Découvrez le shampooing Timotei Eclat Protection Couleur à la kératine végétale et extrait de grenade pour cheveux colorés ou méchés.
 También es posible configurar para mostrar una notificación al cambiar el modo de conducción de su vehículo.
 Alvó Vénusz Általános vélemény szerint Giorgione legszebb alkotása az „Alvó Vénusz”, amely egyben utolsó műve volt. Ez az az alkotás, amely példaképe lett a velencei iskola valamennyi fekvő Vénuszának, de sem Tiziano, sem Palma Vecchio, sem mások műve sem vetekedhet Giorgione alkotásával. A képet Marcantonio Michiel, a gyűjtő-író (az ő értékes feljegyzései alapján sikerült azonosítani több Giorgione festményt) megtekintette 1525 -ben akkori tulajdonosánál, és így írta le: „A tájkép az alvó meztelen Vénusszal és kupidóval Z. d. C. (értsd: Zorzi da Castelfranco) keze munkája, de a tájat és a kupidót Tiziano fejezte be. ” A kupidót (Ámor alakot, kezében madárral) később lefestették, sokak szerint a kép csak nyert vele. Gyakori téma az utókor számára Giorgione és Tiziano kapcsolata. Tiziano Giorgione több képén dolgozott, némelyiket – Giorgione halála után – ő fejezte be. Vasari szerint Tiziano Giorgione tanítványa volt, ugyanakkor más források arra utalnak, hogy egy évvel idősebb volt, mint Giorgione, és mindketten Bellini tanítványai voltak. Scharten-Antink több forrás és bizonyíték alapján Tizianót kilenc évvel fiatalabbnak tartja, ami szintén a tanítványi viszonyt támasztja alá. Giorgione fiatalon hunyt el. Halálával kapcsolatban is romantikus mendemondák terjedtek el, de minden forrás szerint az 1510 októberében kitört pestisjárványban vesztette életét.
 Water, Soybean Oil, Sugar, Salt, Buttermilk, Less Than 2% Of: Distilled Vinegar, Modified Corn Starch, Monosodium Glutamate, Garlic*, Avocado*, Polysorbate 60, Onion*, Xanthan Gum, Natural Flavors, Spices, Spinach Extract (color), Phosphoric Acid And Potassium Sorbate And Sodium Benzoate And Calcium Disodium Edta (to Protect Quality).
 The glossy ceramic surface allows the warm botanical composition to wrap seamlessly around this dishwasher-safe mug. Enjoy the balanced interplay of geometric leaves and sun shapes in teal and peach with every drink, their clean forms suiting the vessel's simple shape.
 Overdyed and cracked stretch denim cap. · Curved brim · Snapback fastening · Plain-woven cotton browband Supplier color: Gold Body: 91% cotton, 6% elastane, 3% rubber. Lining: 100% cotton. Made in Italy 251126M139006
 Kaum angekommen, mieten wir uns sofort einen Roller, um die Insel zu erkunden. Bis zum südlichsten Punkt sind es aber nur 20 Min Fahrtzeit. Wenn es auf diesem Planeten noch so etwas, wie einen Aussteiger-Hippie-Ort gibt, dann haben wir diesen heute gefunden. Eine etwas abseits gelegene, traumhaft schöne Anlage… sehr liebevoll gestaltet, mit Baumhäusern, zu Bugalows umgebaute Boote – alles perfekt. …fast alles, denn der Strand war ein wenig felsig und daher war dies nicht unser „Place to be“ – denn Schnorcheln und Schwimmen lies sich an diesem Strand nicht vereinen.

* * *

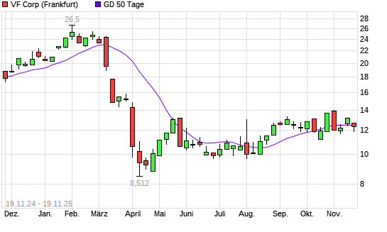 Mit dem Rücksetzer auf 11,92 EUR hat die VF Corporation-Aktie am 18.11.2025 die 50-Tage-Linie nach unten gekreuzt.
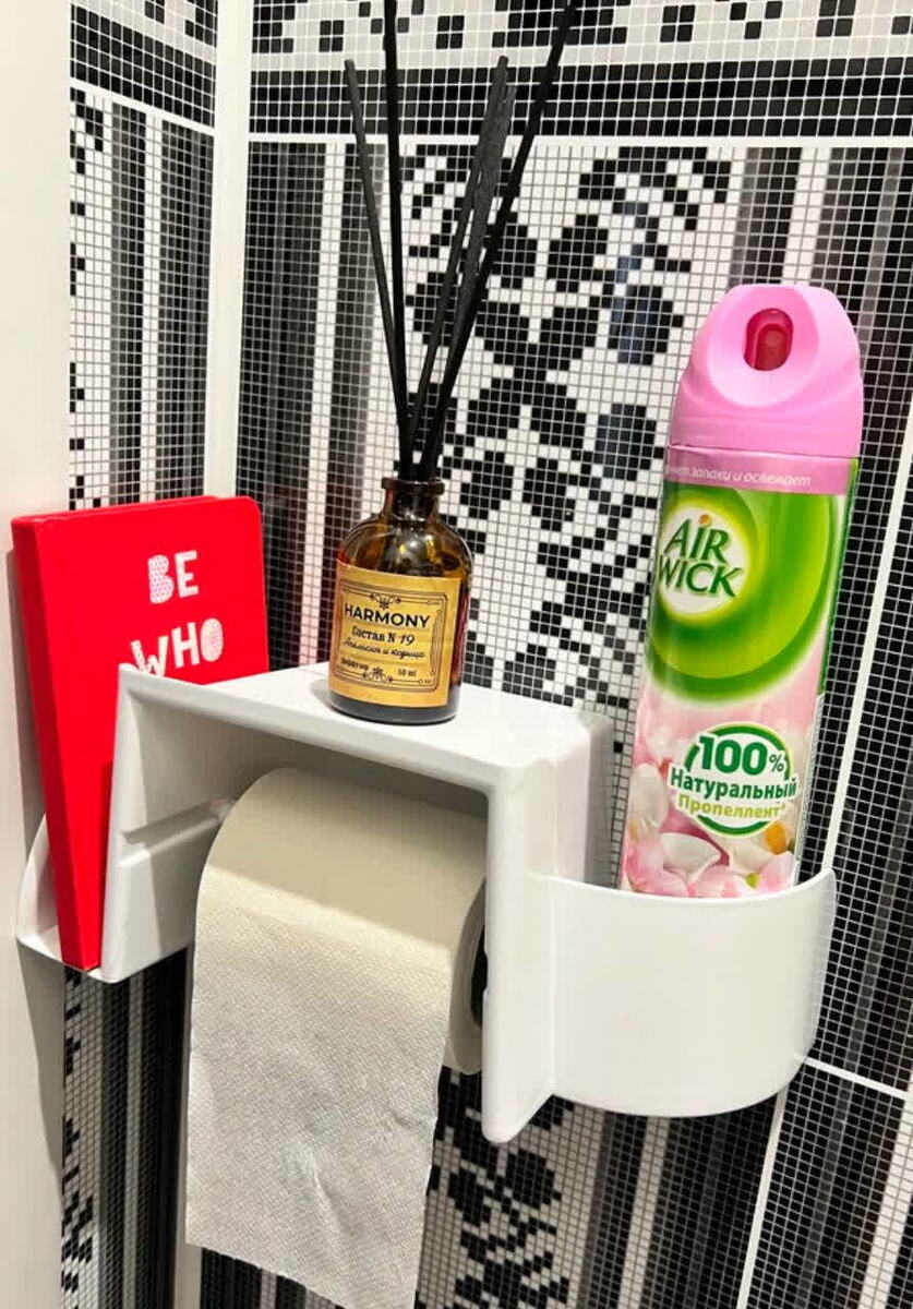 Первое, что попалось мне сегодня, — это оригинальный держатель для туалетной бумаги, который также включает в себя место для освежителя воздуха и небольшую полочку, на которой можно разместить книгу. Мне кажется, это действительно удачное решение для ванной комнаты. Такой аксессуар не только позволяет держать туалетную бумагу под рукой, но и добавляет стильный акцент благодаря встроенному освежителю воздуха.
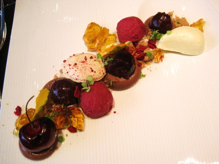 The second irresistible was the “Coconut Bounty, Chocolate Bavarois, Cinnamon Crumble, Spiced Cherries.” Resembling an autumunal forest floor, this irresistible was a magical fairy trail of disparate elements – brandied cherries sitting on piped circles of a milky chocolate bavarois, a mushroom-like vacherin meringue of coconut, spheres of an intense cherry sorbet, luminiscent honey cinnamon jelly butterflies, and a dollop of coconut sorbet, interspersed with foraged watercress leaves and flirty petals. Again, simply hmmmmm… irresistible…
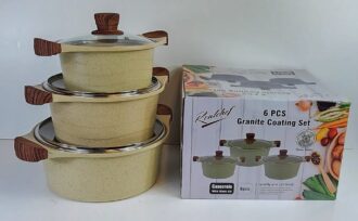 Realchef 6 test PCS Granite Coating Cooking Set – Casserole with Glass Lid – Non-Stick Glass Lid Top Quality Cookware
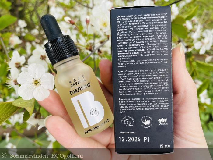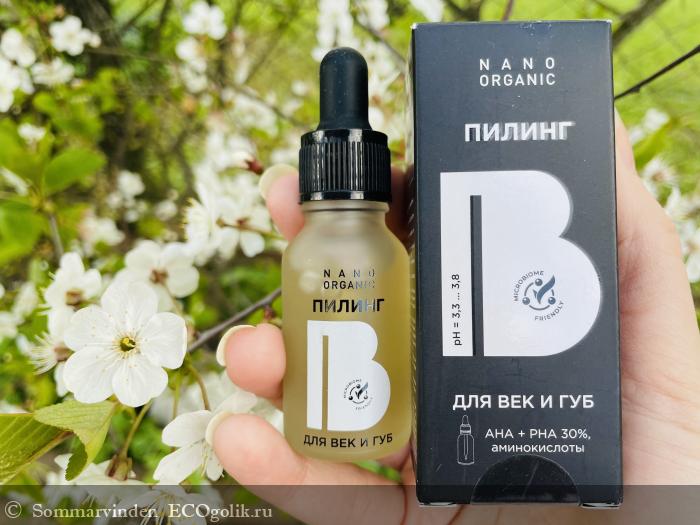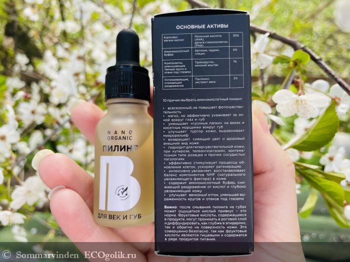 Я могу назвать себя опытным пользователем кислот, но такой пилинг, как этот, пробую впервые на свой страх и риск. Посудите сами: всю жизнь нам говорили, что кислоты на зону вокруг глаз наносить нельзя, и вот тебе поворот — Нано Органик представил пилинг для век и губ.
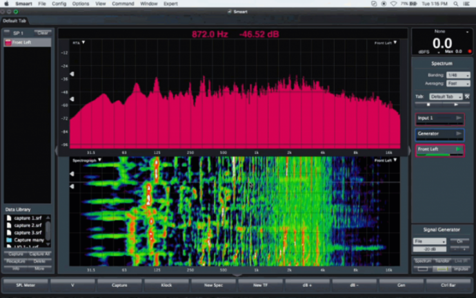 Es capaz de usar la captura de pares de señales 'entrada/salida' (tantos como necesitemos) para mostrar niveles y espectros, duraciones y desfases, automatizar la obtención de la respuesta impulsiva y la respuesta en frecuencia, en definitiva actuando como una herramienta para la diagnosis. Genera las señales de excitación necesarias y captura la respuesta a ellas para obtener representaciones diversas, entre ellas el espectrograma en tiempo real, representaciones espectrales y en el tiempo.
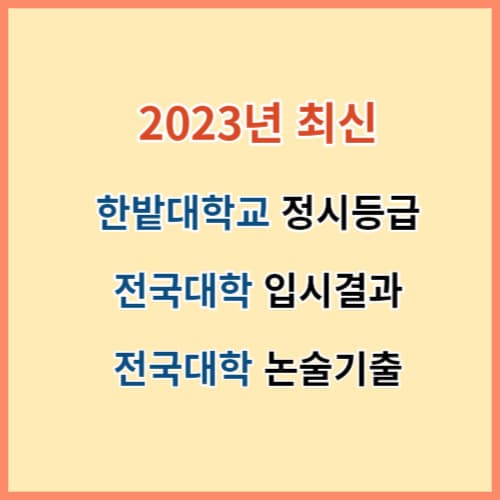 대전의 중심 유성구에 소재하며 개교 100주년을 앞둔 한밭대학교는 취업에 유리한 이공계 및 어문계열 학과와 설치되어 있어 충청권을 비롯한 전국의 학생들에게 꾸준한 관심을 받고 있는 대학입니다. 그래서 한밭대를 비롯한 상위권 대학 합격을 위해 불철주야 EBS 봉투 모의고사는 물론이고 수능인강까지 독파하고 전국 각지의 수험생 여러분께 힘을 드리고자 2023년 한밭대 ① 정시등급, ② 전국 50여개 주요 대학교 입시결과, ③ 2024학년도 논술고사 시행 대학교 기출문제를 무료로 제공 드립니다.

**To do**
Reproduce, word for word and in full, only the lines above that start at the line with "Découvrez le shampooing" and run through the line with "También es posible", both ends included.

**Exercise answer**
Découvrez le shampooing Timotei Eclat Protection Couleur à la kératine végétale et extrait de grenade pour cheveux colorés ou méchés.
 También es posible configurar para mostrar una notificación al cambiar el modo de conducción de su vehículo.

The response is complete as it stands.